E aqui está o ponto mais delicado: quando algo essencial precisa de ser constantemente reafirmado, não é porque tenha deixado de ser verdadeiro, mas porque deixou de ser vivido com a naturalidade original. E isso não se resolve com frases feitas nem com estruturas novas, mas com regresso à fonte.

Ainda assim, não vejo neste movimento qualquer ruptura. Vejo, isso sim, uma tentativa séria e, atrevo-me a dizer, profundamente fiel de recentrar a Igreja naquilo que lhe é mais próprio: o caminhar conjunto do Povo de Deus, em escuta do Espírito, em discernimento comunitário, em missão partilhada.

Se há desconforto da minha parte, ele não nasce de crítica ao caminho. Nasce antes de uma espécie de perplexidade: como é que aquilo que é tão fundacional precisou de voltar a ser dito em voz alta?
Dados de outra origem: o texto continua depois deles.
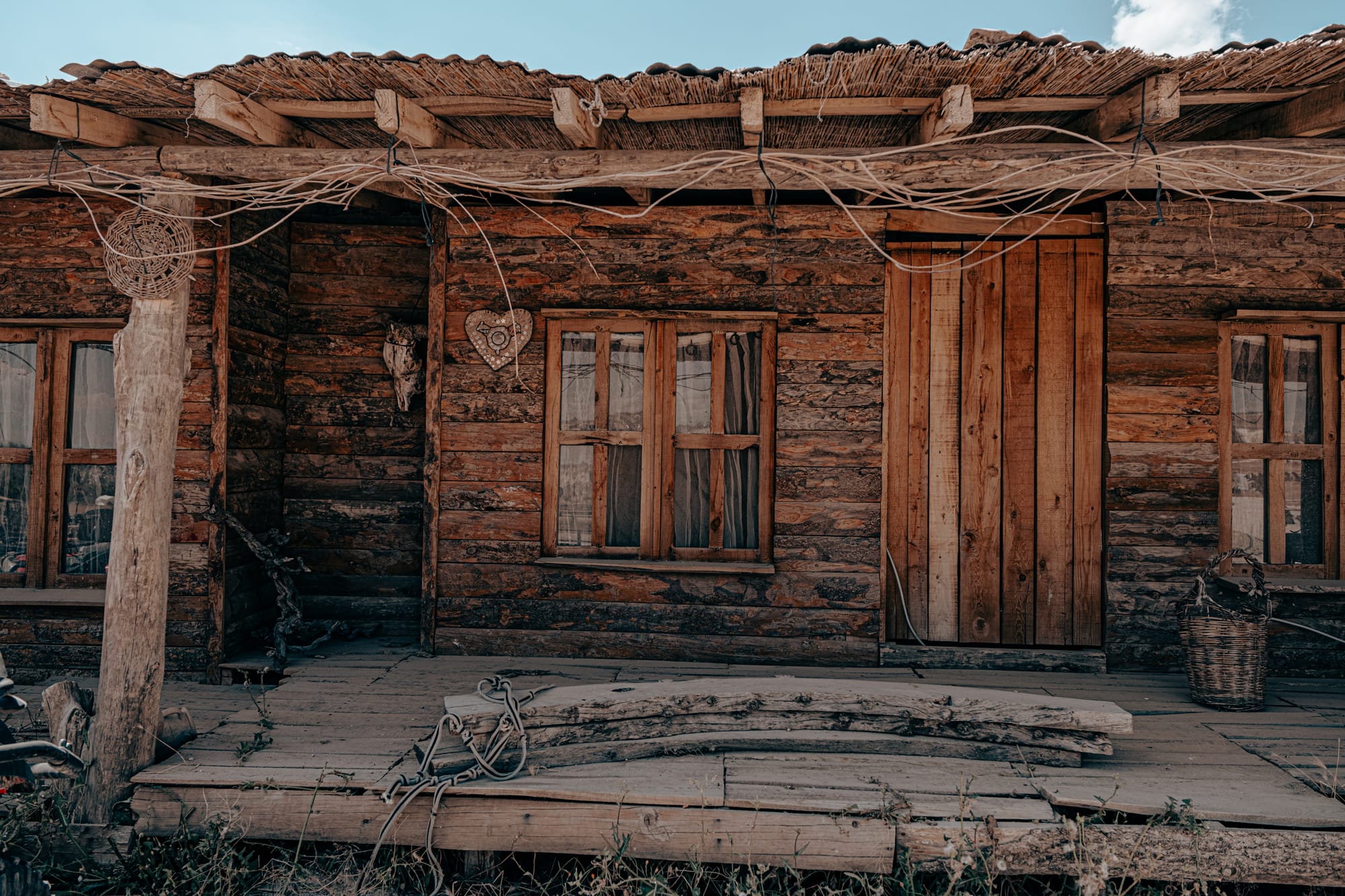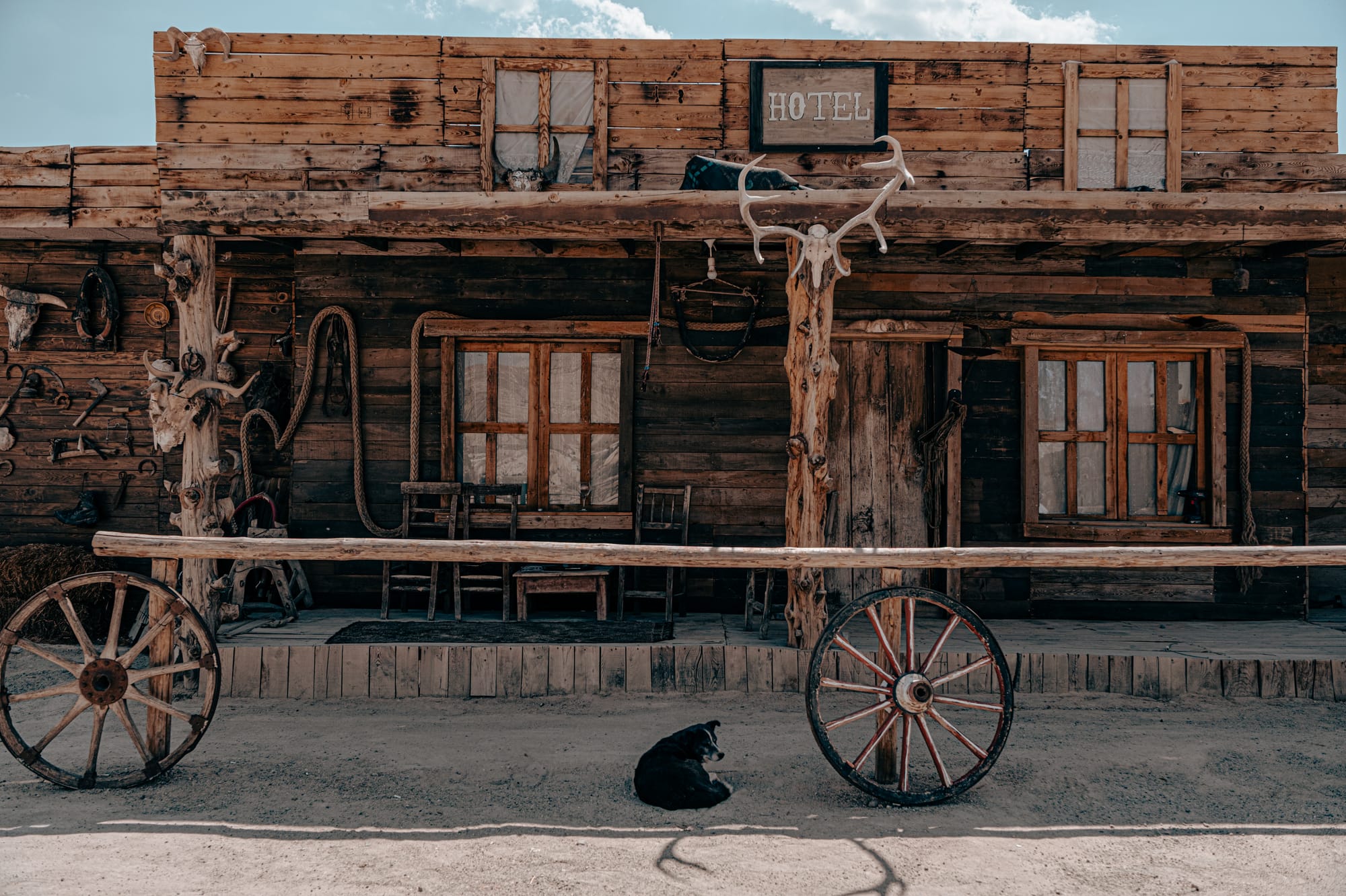From the outside, it’s striking enough to make you pause—the kind of place that stops you mid-journey, prompting you to turn the car around. Its wooden facades and weathered beams rise in front of a backdrop of pale mountains, instantly evoking the atmosphere of an old western town.

Talvez a resposta seja simples. Talvez, por vezes, a Igreja precise mesmo de se lembrar do óbvio. Não porque o tenha perdido por completo, mas porque o risco de o esquecer faz parte da sua condição histórica.

E se assim for, então este caminho sinodal não é uma novidade. É um regresso. E, nesse regresso, reconheço com clareza a comunhão com o Papa e com a intenção de reconduzir a Igreja à sua forma mais elementar e mais exigente: a de um povo que caminha junto.